Exploring Event Driven Architectures with Esper
Event driven application servers are a new category of servers, proving a runtime and supporting infrastructure services (transport, security, event journaling, high availability, connectors, etc.) to servers designed to be able to process over 100,000 events/sec. As well as event processing, event driven application servers are able to combine event information with long lived historical data (usually obtained via relational database queries) and performing temporal correlation and matching on the event streams.
There are two concepts that make event systems different from messaging system:
- Event stream processing (ESP) - monitors streams of event data, analyzing those events for matching conditions and then notifies listeners
- Complex event processing (CEP) - allows the detection of patterns among events
Fully featured application server are still a few years away, but developers can implement event driven architectures in stand alone applications, Java EE applications and Spring applications today using Esper from Codehaus. Esper version 1.0 (as reported by InfoQ) was released in June 2006, and is a lightweight, embeddable open source implementation of both ESP and CEP.
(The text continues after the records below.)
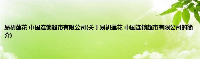 大家好,易初莲花 中国连锁超市有限公司,关于易初莲花 中国连锁超市有限公司的简介很多人还不知道,现在让我们一起来看看吧!
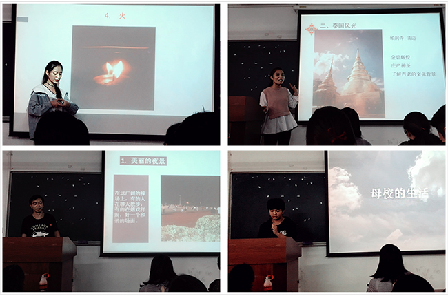 比赛中,14组选手分别用PPT展示他们的营销策略,图文创意及采取的宣传方式,并陈述其作品文案设计理念。有丰富多彩的课外活动、有优美的校园景色、有风光旖旎的异域风情……参赛作品构思新颖、设计精心、主题鲜明、图文并茂、富有创意,充分体现了参赛选手的专业实践能力。
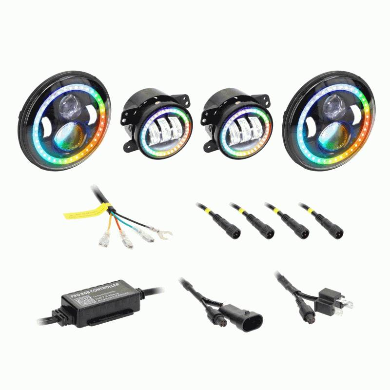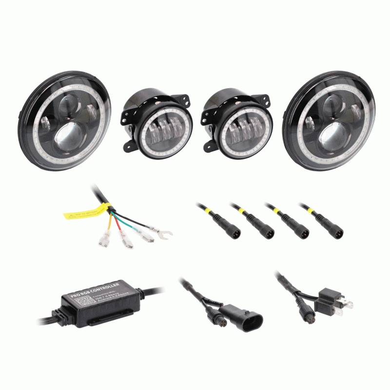 Metra Electronics JP-707RGBKT 7" Chasing LED Halo Headlights and 4" Fog Light Upgrade Kit with LED Controller for Select 2007-2025 Jeep Vehicles

Integrating Esper into stand alone applications is easy. The steps are:
- Obtain an Esper engine instance
- Create a statement (using the Esper query language)
- Register the statement with the engine
- Create a listener (by implementing a Java interface that will be triggered when the statement evaluates to true) and attach it to the statement
Events can be represented as java objects, XML or maps, and as they flow through the system, statements will be evaluated and listener logic executed.
The Esper query language provides a rich syntax allowing complex temporal logic to be expressed, and includes features such as:
- Event filtering
- Sliding window and aggregation (count all assets reported in the last 30 seconds)
- Grouped windows and output rate limiting (get a count per zone of the last 10 minutes per zone)
- Joins and outer joins (also joins between event streams)
- Integration with historic or reference data (accessing relational databases)
- Creation of virtual streams that all statements can access
Even though event driven application servers are a few years away, Esper is ready for production use today. Integrating Esper into your applications is easy, and will allow you to provide features that will anticipate business and customers needs in real-time.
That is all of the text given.